When servicing a remote customer, it will reduce the number of initial requests for information. Without a data collection script, getting the right information for a remote problem can take many emails or phone calls. Each time you ask for more information, the information that is collected is older, further from the time that the problem occurred.

The script is easy to modify, meaning that you can add commands to collect information about specific products (including yours if you have any) or applications that may be important. For a business, this script can improve the efficiency of your support organization and increase the level of customer satisfaction with your support.

Readers that are only using Linux at home may still find the script useful if they ever need to ask for help from a Linux expert. However, the script is certainly aimed more at the business Linux user. For this reason, there is more information on the data collection script in Appendix B, "Data Collection Script" (for the readers who support or use Linux in a business setting).

Do not underestimate the importance of doing an initial investigation on your own, even if the information you need to solve the problem is on the Internet. You will learn more investigating a problem on your own, and that earned knowledge and experience will be helpful for solving problems again in the future. That said, make sure the information you learn is in an area that you will find useful again. For example, improving your skills with strace is a very worthwhile exercise, but learning about a rare problem in a device driver is probably not worth it for the average Linux user. An initial investigation will also help you to better understand the problem, which can be helpful when trying to find the right information on the Internet. Of course, if the problem is urgent, use the appropriate resources to find the right solution as soon as possible.

1.3.1.1 Did Anything Change Recently? Everything is working as expected and then suddenly, a problem occurs. The first question that people usually ask is "Did anything change recently?" The fact of the matter is that something either changed or something triggered the problem. If something changed and you can figure out what it was, you might have solved the problem and avoided a lengthy investigation.

In general, it is very important to keep changes to a production environment to a minimum. When changes are necessary, be sure to notify the system users of any changes in advance so that any resulting impact will be easier for them to diagnose. Likewise, if you are a user of a system, look to your system administrator to give you a heads up when changes are made to the system. Here are some examples of changes that can cause problems:

  • A recent upgrade or change in the kernel version and/or system libraries and/or software on the system (for example, a software upgrade). The change could introduce a bug or a change in the (expected) behavior of the operating system. Either can affect the software that runs on the system.

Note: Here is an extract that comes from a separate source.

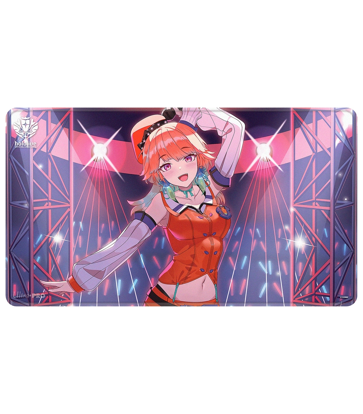 Tapete de juego con ilustración a todo color de Takanashi Kiara. Superficie de tela suave y base de goma antideslizante. Medidas aprox. 61 x 34,3 cm (24 x 13,5 in). Ideal para partidas de TCG o como alfombrilla XL de escritorio. Distribución al por mayor para tiendas de juegos y coleccionismo.

  • Changes to kernel parameters or tunable values can cause changes to behavior of the operating system, which can in turn cause problems for software that runs on the system.

  • Hardware changes. Disks can fail causing a major outage or possibly just a slowdown in the case of a RAID. If more memory is added to the system and applications start to fail, it could be the result of bad memory. For example, gcc is one of the tools that tend to crash with bad memory.

  • Changes in workload (that is, more users suddenly going to a particular Web site) may push the system close to the limit of its resources. Increases in workload can consume the last bit of memory, causing problems for any software that could be running on the system.

One of the best ways to detect changes to the system is to periodically run a script or tool that collects important information about the system and the software that runs on it. When a difficult problem occurs, you might want to start with a quick comparison of the changes that were recently made on the system — if nothing else, to rule them out as candidates to investigate further.

Using information about changes to the system requires a bit of work up front. If you don’t save historical information about the operating environment, you won’t be able to compare it to the current information when something goes wrong. There are some useful tools such as tripwire that can help to keep a history of good, known configuration states.

Another best practice is to track any changes to configuration files in a revision control system such as CVS. This will ensure that you can "go back" to a stable point in the system’s past. For example, if the system were running smoothly three weeks ago but is unstable now, it might make sense to go back to the configuration three weeks prior to see if the problems are due to any configuration changes.

1.3.2 Phase #2: Searching the Internet Effectively

There are three good reasons to move to this phase of investigation. The first is that your boss and/or customer needs immediate resolution of a problem. The second reason is that your patience has run out, and the problem is going in a direction that will take a long time to investigate. The third is that the type of problem is such that investigating it on your own is not going to build useful skills for the future.

Using what you’ve learned about the problem in the first phase of investigation, you can search online for similar problems, preferably finding the identical problem already solved. Most problems can be solved by searching the Internet using an engine such as Google, by reading frequently asked question (FAQ) documents, HOW-TO documents, mailing-list archives, USENET archives, or other forums.

1.3.2.1 Google When searching, pick out unique keywords that describe the problem you’re seeing. Your keywords should contain the application name or "kernel" + unique keywords from actual output + function name where problem occurs (if known). For example, keywords consisting of "kernel Oops sock_poll" will yield many results in Google.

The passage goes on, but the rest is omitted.